GLOSSORY:
Patent, Invention, Innovation, Discovery (Our Definitions- Simplified)
A Patent is a monopoly to make, sell and use a Product, Method, … for a number of years in a jurisdiction, if regarded Novel & Inventive. Novelty is based on Legally Worded Claims. Inventive ( Non-Obvious) is largely Subjective, decided by examiners, based on volumes of unsuccessful attempts to define it.
For what we call an Invention, Novelty means Technical Uniqueness, as seen not by lawyers but by Experts, not just from words, but visual and technical inspection. “Inventive” is established from Solutions, unattainable before, at least in the same way, No Certainty to conceive.
Innovations are Novel but not Inventive, achievable by keen attempts with reasonable chance of success, such as variations of existing solutions.

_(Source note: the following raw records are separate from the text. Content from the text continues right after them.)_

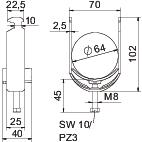 Accesorio de material Acero Accesorio de superficie Galvanizado en caliente Altura 102 mm Ancho 70 mm Ancho de ranura 10 mm Calidad de material de la bandeja Polipropileno Con bandeja de plástico sí Con contramediacaña no Dimensión 58-64mm Espesor de chapa 2,5 mm Huella de CO2 (GWP) Cradle-to-Gate 0,3103 kg CO2e / 1 Unidad Libre de halógenos sí Longitud 25 mm Longitud, dimensiones exteriores 40 mm Material Acero Material de la bandeja Plástico Máx. Par de apriete 5 Nm Medida A 25 mm Medida B 70 mm Medida C 40 mm Medida G (mm) M8 Medida H 102 mm Medida L 45 mm Medida t 2,5 mm Modo de montaje Perfiles en C Número de cables / tubos 1 Para carriles con ancho de ranura (con intervalo) máx. 17 mm Para carriles con ancho de ranura (con intervalo) mín. 16 mm Para diámetro de tubo máx. 64 mm Para diámetro de tubo mín. 58 mm Rango de sujeción D máx. 64 mm Rango de sujeción D mín. 58 mm Rosca M8 Superficie Galvanizado por inmersión en caliente - Todos los tipos
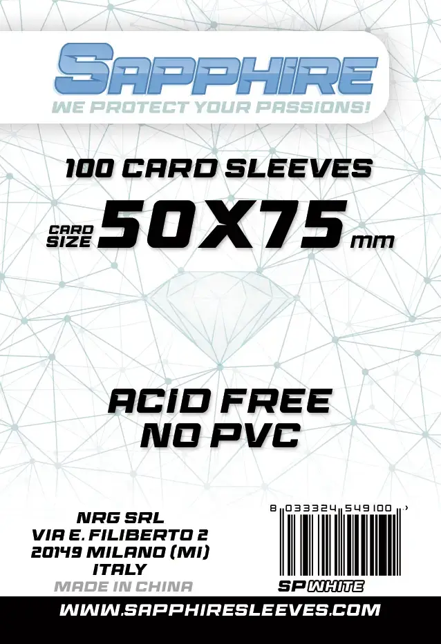 Le Sapphire Sleeves sono spesse 60 micron. Un compromesso perfetto tra le bustine più economiche (40 micron) e quelle più spesse. 60 micron garantisce alta protezione alle vostre carte, una spesa economica e permette ai vostri mazzi di tornare all’interno delle scatole dei giochi, senza che la loro altezza duplichi o triplichi.
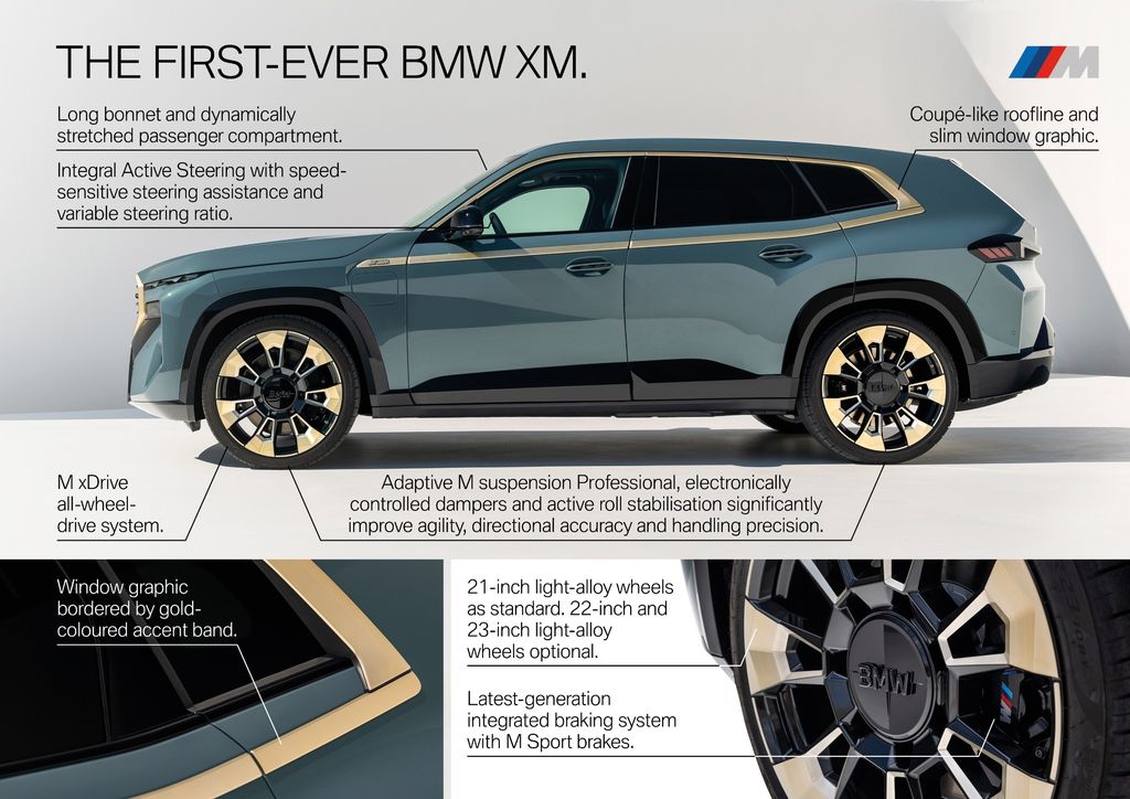 BMW XM jest punktem kulminacyjnym ofensywy modelowej w jubileuszowym roku marki, a także pierwszym oryginalnym samochodem BMW M od czasu BMW M1. Odpowiednio postawione akcenty w wyglądzie zewnętrznym SAV-a o wysokich osiągach nawiązują do legendarnego samochodu sportowego z silnikiem centralnym. BMW XM będzie produkowane w od grudnia 2022 roku amerykańskich zakładach BMW Group w Spartanburgu, a do sprzedaży trafi wiosną 2023 roku. Najważniejszymi rynkami zbytu będą USA, Chiny i Bliski Wschód.

Discoveries are uncovering what Exists but unknown, and are generally not patentable, unless combined with some method or device to utilize it.
To Patent or Not :
Filing for Patent or Publishing an Inventions adds to public knowledge and pre-empts others from claiming it later to deprive even the original Inventor. But obtaining a patent, fighting Patent examiners, disputers and violators is costly and draining.
A good policy is to file concepts but leave essential details & derivatives for close to commercialization.